# How long until new swarm decides to stay put and draw comb?



## DG2015 (Mar 4, 2015)

Midday on Friday , a swarm settled on the outside of my trap and stayed there all day. Around dusk , I decided to take the box down and shake them into a hive with an entrance guard to prevent them from leaving. There was a flurry of activity late Saturday afternoon and I spotted the queen trying to wiggle through the bars. Today there was less activity and the bees are clustered. I am a new beekeeper with some questions.
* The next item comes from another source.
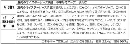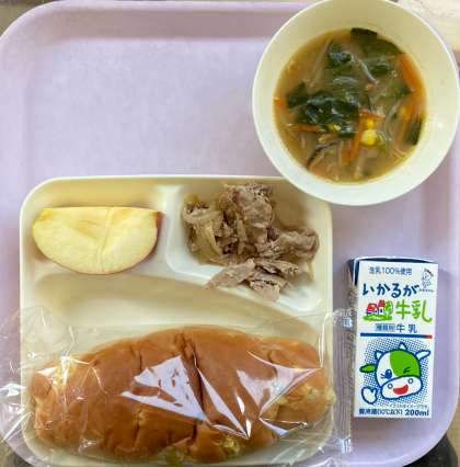 豚肉のオイスターソース焼き、中華スープとりんごでした。

1. How long will it take for them to settle and draw comb ?
2. Should I install a feeder?
3. How can I deterermine if this is a virgin queen or a mated queen? 
4. When should I remove the entrance guard?


----------



## crabbydad (Apr 29, 2012)

this is only my 4th year with bees so take my opinion for what its worth. Swarms are comb building machines, they will start right away. if a flow is on they should be ok without a feeder.The primary swarm has the old queen. i wouldn't worry wether she is a virgin or not, just check them in a week or so to look for signs of a queen. what is the entrance guard for, mice? You can take that off


----------



## Rader Sidetrack (Nov 30, 2011)

I put frames in all my traps - that way the swarm can stay in the trap until they have built some comb - and then there is no need to shake them into a full size hive since you can just move the frames.


----------



## DG2015 (Mar 4, 2015)

The entrance guard is a modified excluder cut to cover the entrance of the hive. The swarm was still scouting other bait hives at this location and seemed intent on leaving so I locked the queen in


----------



## DG2015 (Mar 4, 2015)

It worked as I saw her trying to leave the hive but she couldn't fit. The bait hive did have frames in it but as a new beekeeper with only one NUC I didn't want to miss the opportunity or experience of putting the swarm in a hive!!! Today I saw some bees bringing in pollen so perhaps they decided to stay. How long should I wait before opening the hive? If the queen was a Virgin when should I remove the excluder ? 
Thanks for the replies


----------